THE DATA =>
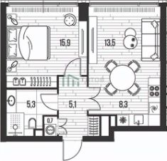 - Евро-2: кухня-гостиная + 1 спальня
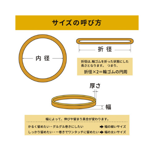 ※内容量の本数は、平均値から求めた参考値となります。※推奨結束範囲は、1重巻きを想定した場合の結束したい物の外周参考値となります。<保管・使用上の注意>天然ゴムを使用しています。紫外線や熱を長期間かかる場所でご使用されると輪ゴムが切れる場合がございます。直射日光および高温多湿な場所をさけて保管してください。
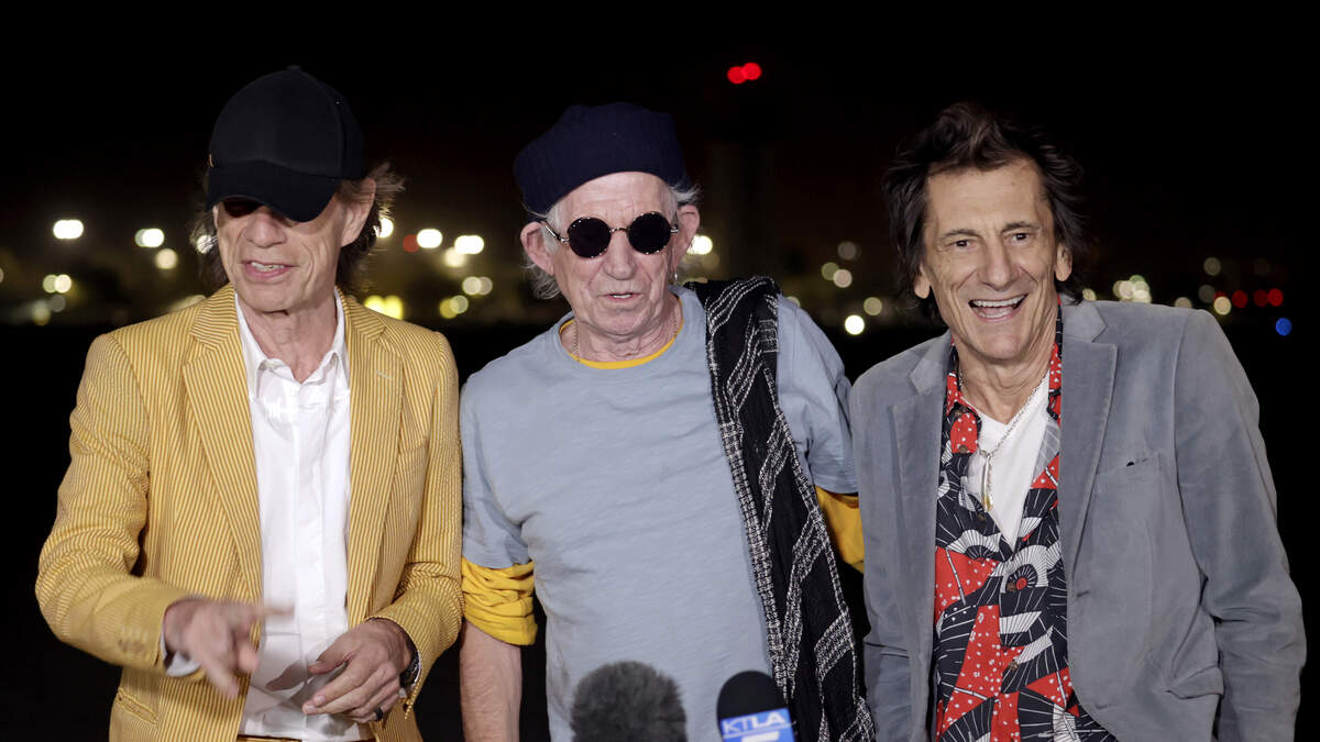 'The Stones' touched down at a very windy Burbank-Hollywood Airport, Monday evening. Mick Jagger, Keith Richards, and Ron Wood greeted reporters from the doorway of their chartered 757 Delta plane, before ultimately responding to questions from the media.
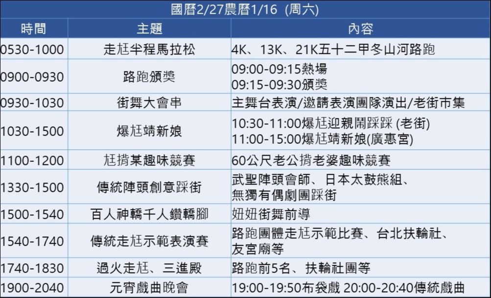 - 時間:02/27 (六)(詳細時程請參照五結鄉走尪暨廟宇嘉年華會)

EXERCISE => Retype everything in the material word for word, minus pictures.

EXERCISE SOLUTION =>
 - Евро-2: кухня-гостиная + 1 спальня
 ※内容量の本数は、平均値から求めた参考値となります。※推奨結束範囲は、1重巻きを想定した場合の結束したい物の外周参考値となります。<保管・使用上の注意>天然ゴムを使用しています。紫外線や熱を長期間かかる場所でご使用されると輪ゴムが切れる場合がございます。直射日光および高温多湿な場所をさけて保管してください。
 'The Stones' touched down at a very windy Burbank-Hollywood Airport, Monday evening. Mick Jagger, Keith Richards, and Ron Wood greeted reporters from the doorway of their chartered 757 Delta plane, before ultimately responding to questions from the media.
 - 時間:02/27 (六)(詳細時程請參照五結鄉走尪暨廟宇嘉年華會)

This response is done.